[Collected data]
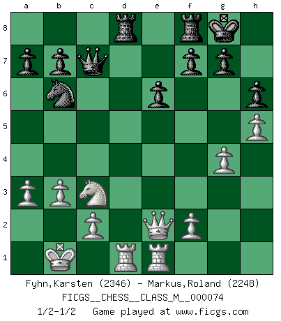 Last move : 1/2-1/2 2016 January 25 17:19:47 [Event "FICGS__CHESS__CLASS_M__000074"] [Site "FICGS"] [Date "2015.11.03"] [Round "1"] [White "Fyhn,Karsten"] [Black "Markus,Roland"] [Result "1/2-1/2"] [WhiteElo "2346"] [BlackElo "2248"] 1.e4 c6 2.d4 d5 3.Nc3 dxe4 4.Nxe4 Bf5 5.Ng3 Bg6 6.h4 h6 7.Nf3 Nd7 8.h5 Bh7 9.Bd3 Bxd3 10.Qxd3 e6 11.Bf4 Qa5+ 12.Bd2 Bb4 13.a3 Bxd2+ 14.Nxd2 Ngf6 15.O-O-O O-O 16.Nge4 Rad8 17.Kb1 Qc7 18.Qe2 c5 19.dxc5 Nxe4 20.Nxe4 Nxc5 21.Nc3 Nd7 22.g4 Qf4 23.Rhe1 Nb6 24.b3 Qc7 25.Kb2 Qf4 26.Kb1 Qc7 1/2-1/2 Caro-Kann : Classical, 7...Nd7 Queenside Castling by player White (move 15) Kingside Castling by player Black (move 15) This chess game ended in a draw. Follow this game move after move (download)I give 98 percent of my mental energy to Chess. Others give only 2 percent. (Bobby Fischer) Wenn ich gewinne bin ich ein Genie. Wenn nicht, dann bin ich keines. (Robert James Fischer) Por tratar de evitar la pérdida de una pieza, muchas personas han perdido una partida de Ajedrez. (Savielly Tartakover) On peut tirer plus d'utilité d'une partie perdue que de 100 parties gagnées. (Capablanca) Mac users swear by their computers. PC users swear at their computers. (Author unknown)
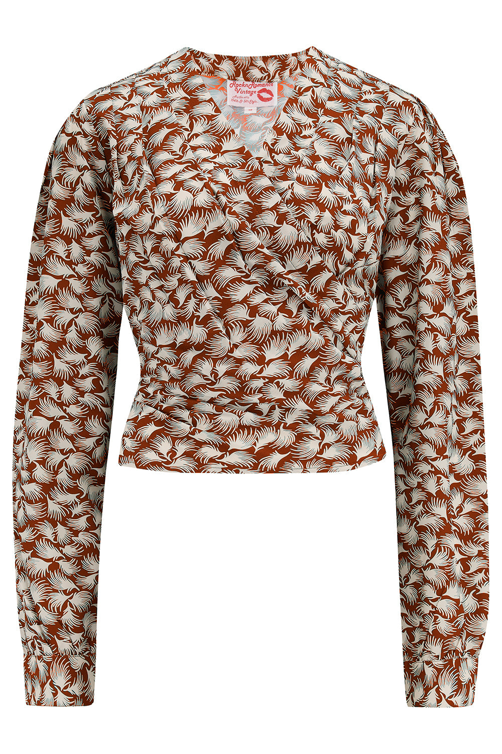 Le chemisier portefeuille à manches longues « Darla » en imprimé Cinnamon Whisp, véritable style vintage
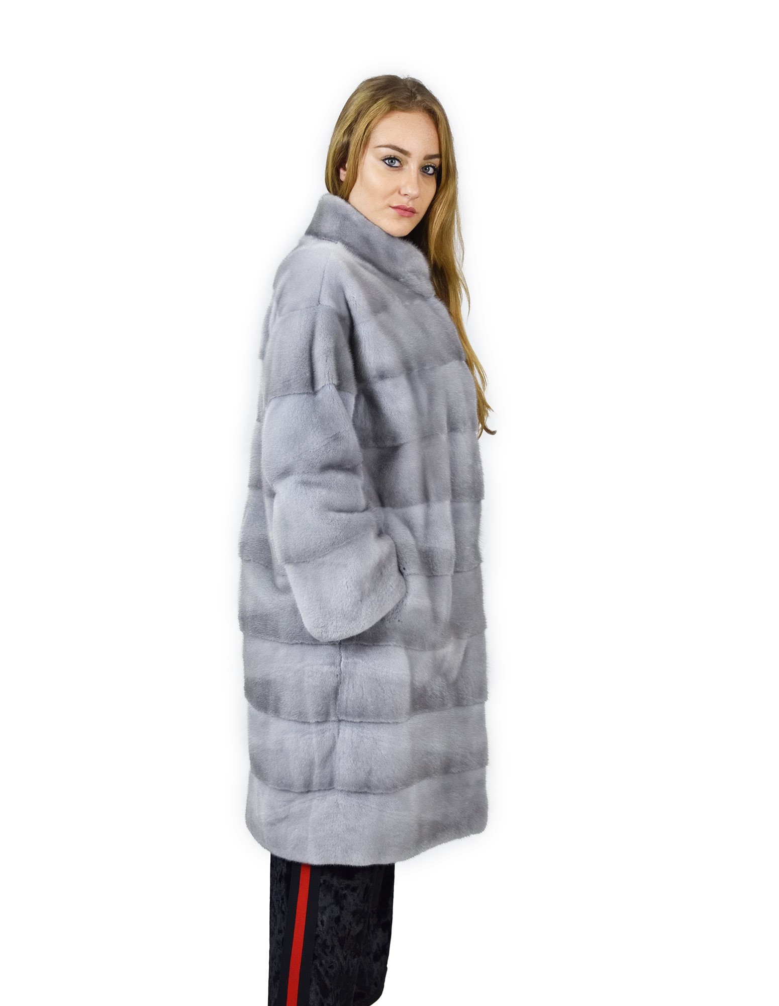 46 Пальто 102 см из горизонтальной норки сапфировый корейский воротник fourrure de vison норковый мех Nerz
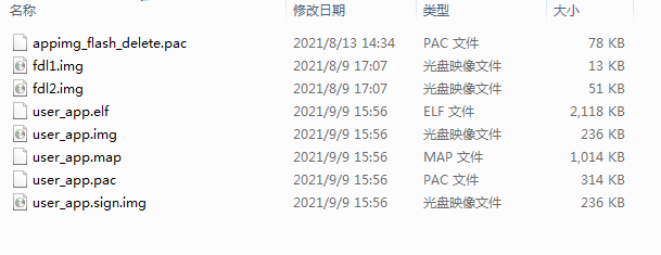 (2)编译生成文件存于:./out/appimage_debug/hex/ 咱们需要的就是user_app.pac。此文件用于下载到L610-CN上启动运行。
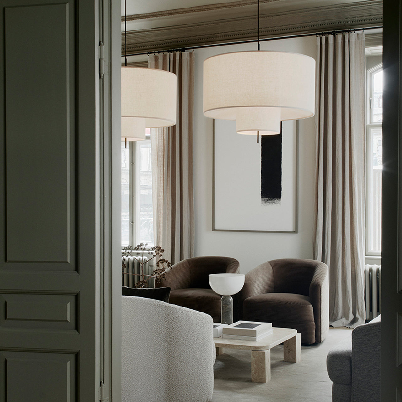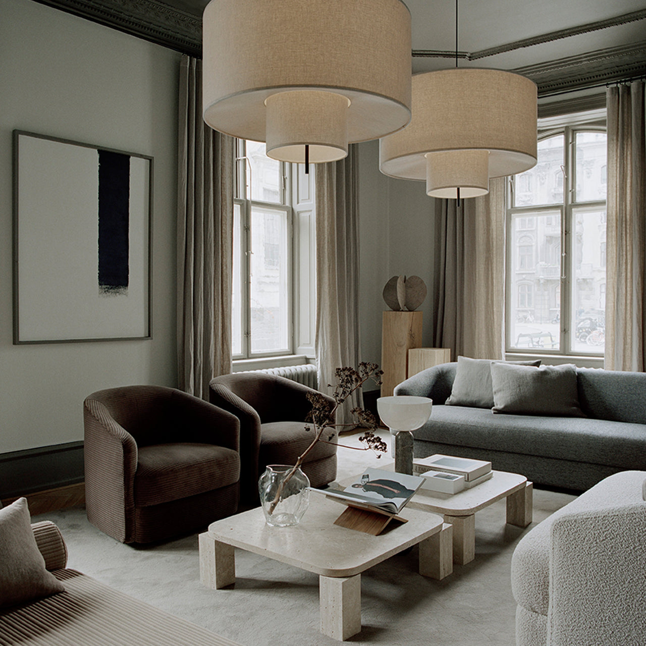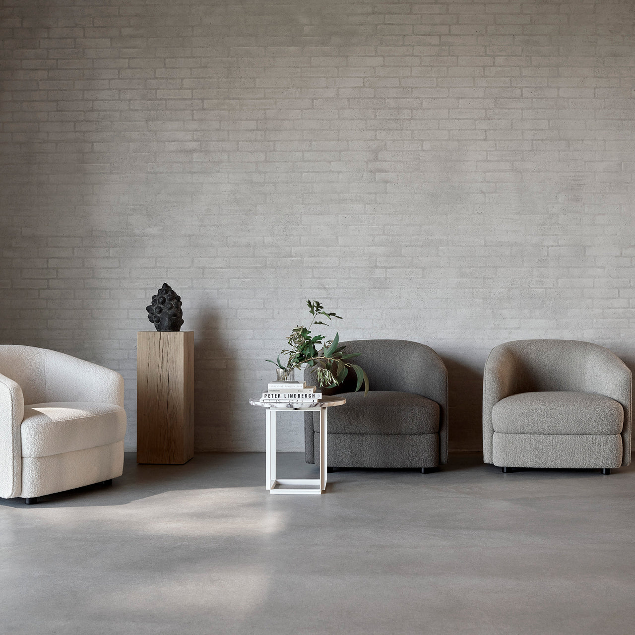 Though a gentle back curvature identifies New Works’ lounge chair as part of the Covent family, its completely upholstered presence signals a mood of complete relaxation. The embracingly cushy seat that denotes the series has been extended to the ground, with the bold frame of the original replaced with the soft touch of an upholstered base—and given generous proportions by Copenhagen’s Arde Design Studio. Showcasing the expert detailing and craftsmanship that comes with a range produced solely in Denmark, it’s available in a choice of luxe leather or select fabric upholstery.

◆ EXERCISE OBJECTIVE: The whole of the data above needs retyping exactly, with pictures omitted.

◆ SOLVED PROBLEM:
 Last move : 1/2-1/2 2016 January 25 17:19:47 [Event "FICGS__CHESS__CLASS_M__000074"] [Site "FICGS"] [Date "2015.11.03"] [Round "1"] [White "Fyhn,Karsten"] [Black "Markus,Roland"] [Result "1/2-1/2"] [WhiteElo "2346"] [BlackElo "2248"] 1.e4 c6 2.d4 d5 3.Nc3 dxe4 4.Nxe4 Bf5 5.Ng3 Bg6 6.h4 h6 7.Nf3 Nd7 8.h5 Bh7 9.Bd3 Bxd3 10.Qxd3 e6 11.Bf4 Qa5+ 12.Bd2 Bb4 13.a3 Bxd2+ 14.Nxd2 Ngf6 15.O-O-O O-O 16.Nge4 Rad8 17.Kb1 Qc7 18.Qe2 c5 19.dxc5 Nxe4 20.Nxe4 Nxc5 21.Nc3 Nd7 22.g4 Qf4 23.Rhe1 Nb6 24.b3 Qc7 25.Kb2 Qf4 26.Kb1 Qc7 1/2-1/2 Caro-Kann : Classical, 7...Nd7 Queenside Castling by player White (move 15) Kingside Castling by player Black (move 15) This chess game ended in a draw. Follow this game move after move (download)I give 98 percent of my mental energy to Chess. Others give only 2 percent. (Bobby Fischer) Wenn ich gewinne bin ich ein Genie. Wenn nicht, dann bin ich keines. (Robert James Fischer) Por tratar de evitar la pérdida de una pieza, muchas personas han perdido una partida de Ajedrez. (Savielly Tartakover) On peut tirer plus d'utilité d'une partie perdue que de 100 parties gagnées. (Capablanca) Mac users swear by their computers. PC users swear at their computers. (Author unknown)
 Le chemisier portefeuille à manches longues « Darla » en imprimé Cinnamon Whisp, véritable style vintage
 46 Пальто 102 см из горизонтальной норки сапфировый корейский воротник fourrure de vison норковый мех Nerz
 (2)编译生成文件存于:./out/appimage_debug/hex/ 咱们需要的就是user_app.pac。此文件用于下载到L610-CN上启动运行。
 Though a gentle back curvature identifies New Works’ lounge chair as part of the Covent family, its completely upholstered presence signals a mood of complete relaxation. The embracingly cushy seat that denotes the series has been extended to the ground, with the bold frame of the original replaced with the soft touch of an upholstered base—and given generous proportions by Copenhagen’s Arde Design Studio. Showcasing the expert detailing and craftsmanship that comes with a range produced solely in Denmark, it’s available in a choice of luxe leather or select fabric upholstery.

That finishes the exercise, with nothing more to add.